This feeling of “cultural homelessness” is not uncommon, said Cristalís Capielo Rosario, assistant professor of counseling and counseling psychology in the College of Integrative Sciences and Arts.
“You’re in this in-between where you don’t feel like you belong anywhere,” Capielo said.
Patel’s older sisters, who had lived in India for the majority of their lives, as well as her classmates would often tease her accent whenever she spoke Gujarati and Hindi or made fun of her for not knowing all the Hindu traditions. They would often compare her to peers who were more knowledgable about their shared ethnicity, which affected her connection to culture.
She strove to attend school festivals when she was in India and found support from close friends in order to better cement her connection to the Hindu traditions and her Indian culture.
Patel is also not alone when it comes to others questioning her cultural identity.
Some members of the ASU community have experience what it feels like to have their cultural identities questioned, even from those within their own culture. Whether that means being ridiculed for how someone looks or for a lack of cultural knowledge, instances like these can lead someone to examine their own connection to their cultural roots.
Capielo is of Puerto Rican descent, born and raised there until she moved to the U.S. at 17 years old. She said she experienced feelings of being different from everyone else whenever she tried to connect with other Puerto Ricans or Americans.
She said others perceived her as “ni de aquí, ni de aya,” which means “neither here nor there” in Puerto Rican Spanish, when it came to her cultural identity.
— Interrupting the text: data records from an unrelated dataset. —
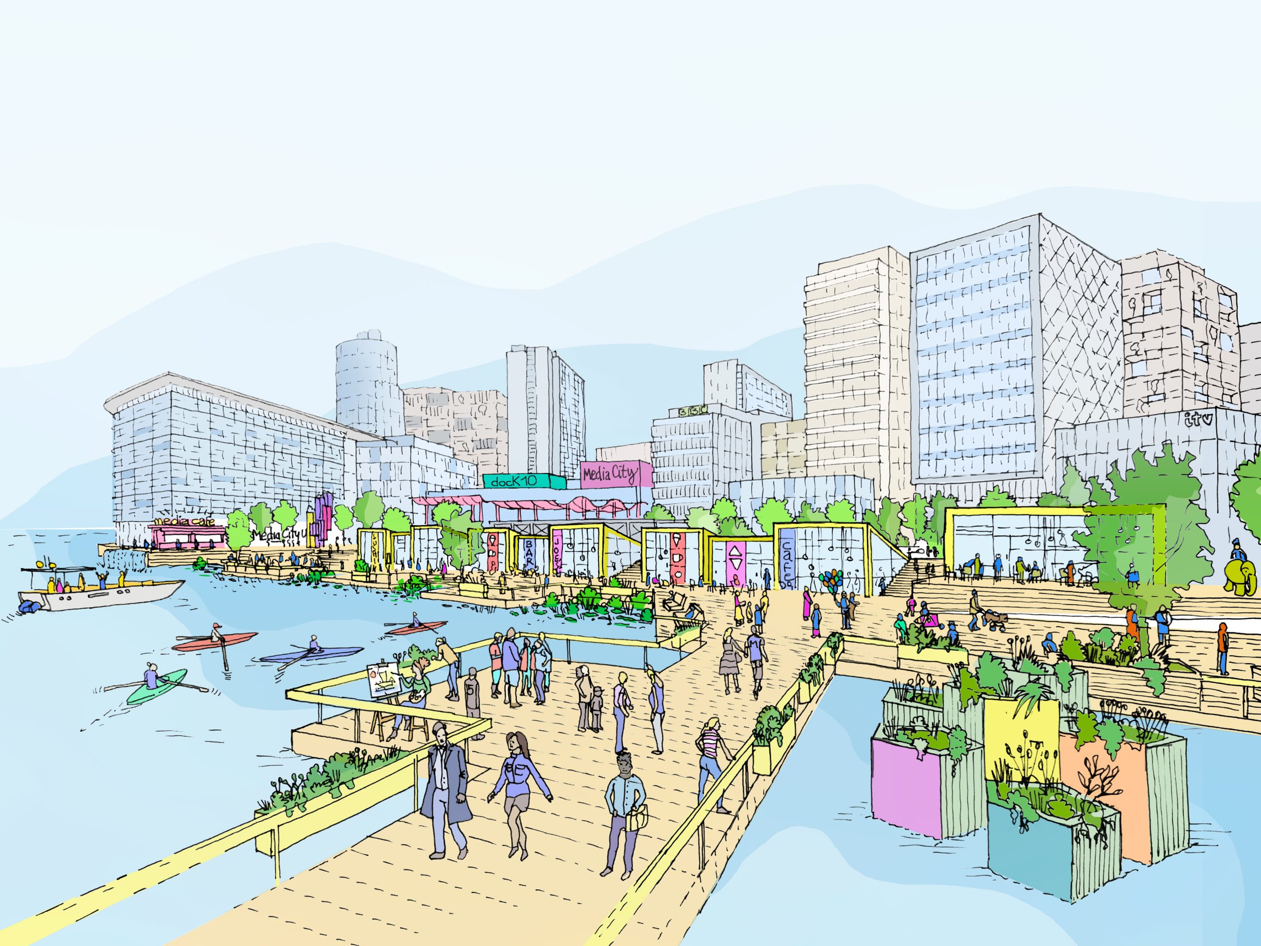“As the home of future media, MediaCity’s output is global and its environment needs to reflect its international significance. While the waterfront is the gateway to MediaCity and the Quays, it’s right that it should compete with some of the finest waterfront destinations in the world.”
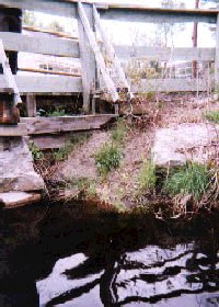 Segment 1: Starting at the Central Street Bridge and heading south down to the railway tracks. This segment starts with a small pool surrounded by residential property with a minimal buffer zone. It quickly becomes very dense with bushes--posing an almost impenetrable thicket of vegetation. After another 30'-40', the stream opens up into a moderately deep (5'), channel of about 5'-10' width surrounded by wetlands/open marsh. The properties on the eastern side appear distant and well protected. As the stream (@ #5), starts to turn eastward, it becomes more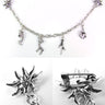 Das schöne Charivari hat eine lange Gliederkette, welche an den Endstücken in Edelweißform befestigt sind. An der Rückseite der Edelweiße ist je eine Sicherheitsnadel zur Befestigung an Ihrem Kleidungsstück angebracht. Die Charivarikette ist mit verschiedenen Anhängern in Form eines Hirschen, eines Waldhornes, eines Geweihstückes oder einer Enzian Blume verziert.

People form narratives to reflect what they believe someone of a particular race should look or behave like, Capielo said, adding individuals can be put in a box that determines whether or not they are “acting right.”
Shaming from within a certain cultural community ties to a broader oppression of people of color, she said. “When we engage in that narrative that (you are not enough) we end up replicating the same dynamic that oppressed us,” Capielo added.
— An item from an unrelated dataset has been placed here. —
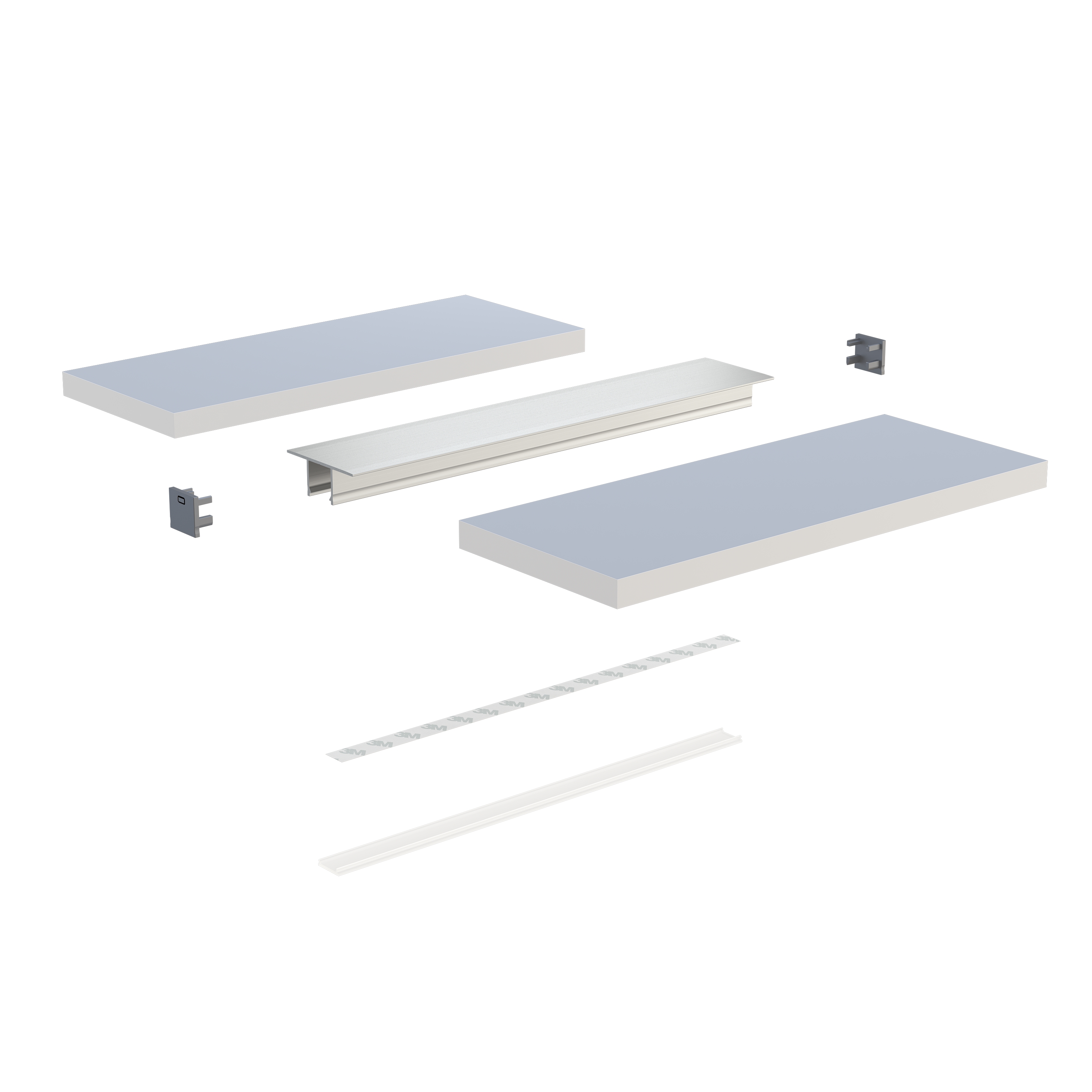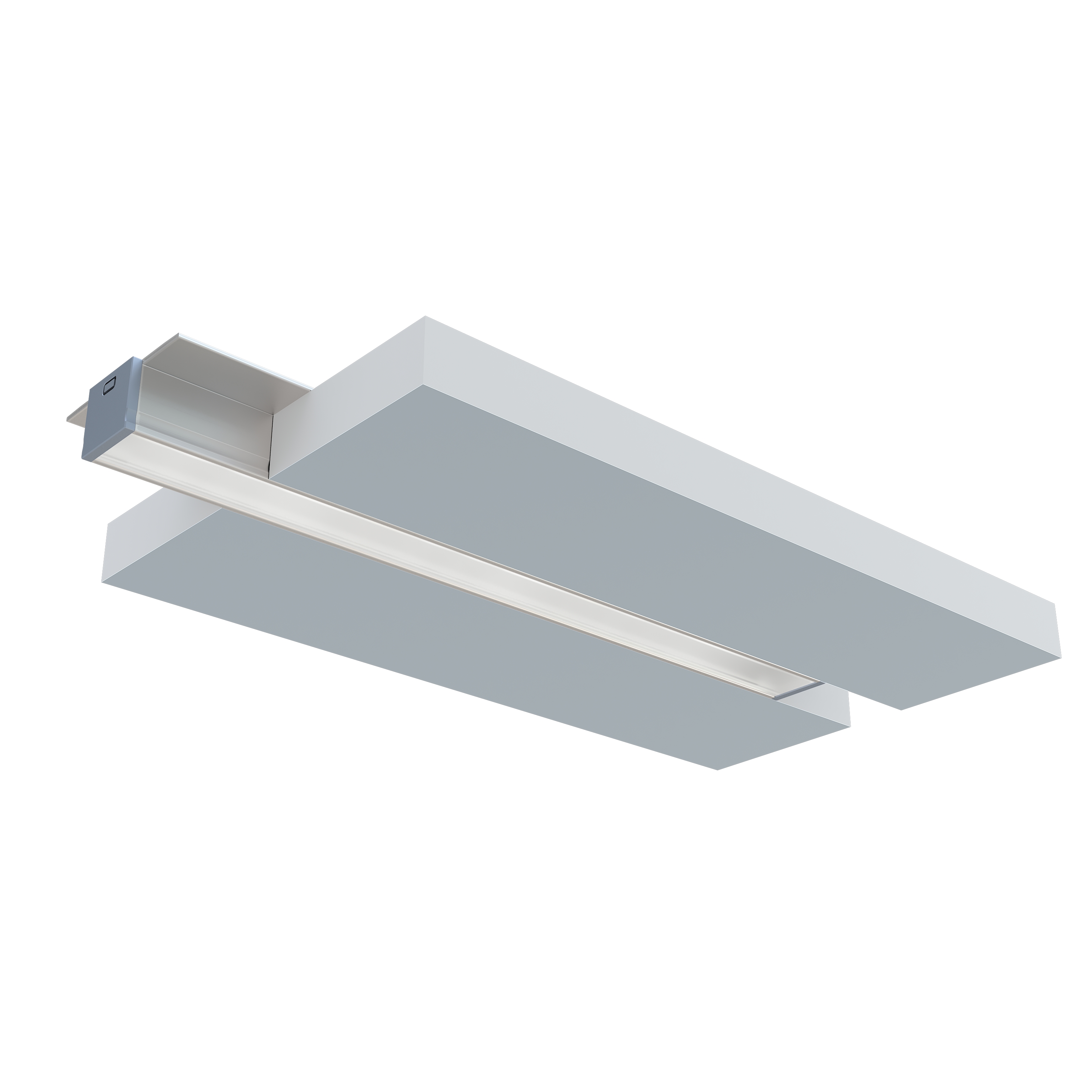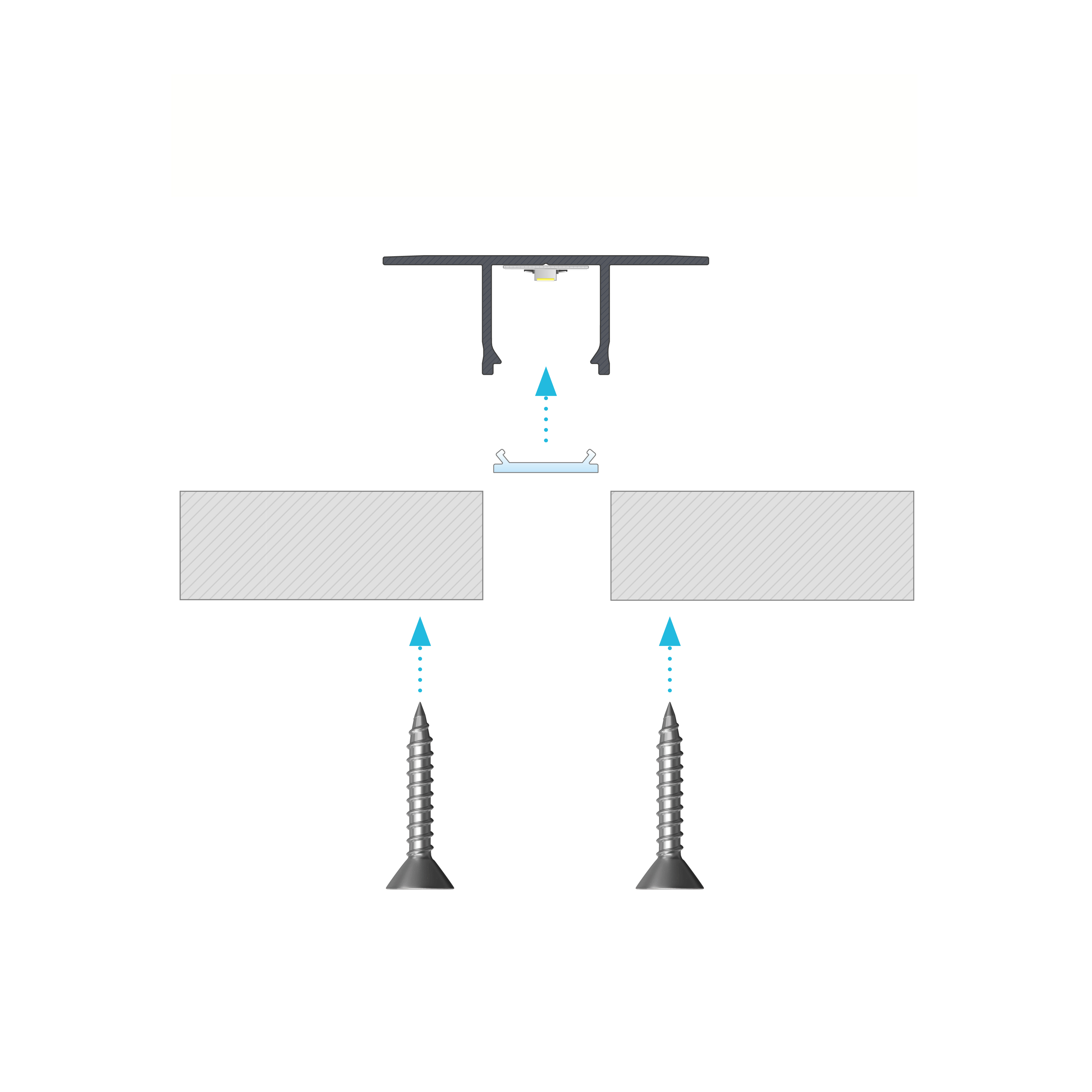 Ein einzelnes LED-Profil zur Installation zwischen zwei Gipskartonplatten. Es ermöglicht eine schnelle Montage mit Schrauben und die Endbearbeitung mit Spachtelmasse, ohne dass ein Montagenetz erforderlich ist.

A way to push back against this is by creating a personal space in the middle of both cultures that allows someone to express their cultural connection however they see fit, Capielo said. “We resist that by developing our own sense of identity,” she added.
Redefining what it means to be someone who embraces their ethnic culture and doing what makes them feel most connected can help ease this feeling of “cultural homelessness.”https://www.youtube.com/embed/98hBmTy2_mo
Xavier Rollier, a freshman studying psychology, is of mixed races — He is white, Black, Filipino and Spanish. Since a young age, Rollier found most people he encountered automatically assumed he is just white, based off of his light-complexioned appearance.
“What usually happens is that people explain stuff to me and based on how I look; they assume that I don’t understand what the experiences (of someone of color are) and the feelings that are associated with said experience,” he said.
Rollier said he has struggled at times identifying with his ethnicities because of his family’s multiple backgrounds and how he has been perceived by others. But he tries not to let other people’s opinions get in the way of self-acceptance — he loves being someone of mixed. He says it makes his life more diverse.
“I never had a solid or concrete culture, and looking at it now, that’s ok because I can pull from so many different things,” he said. “I love them all equally because it’s me.”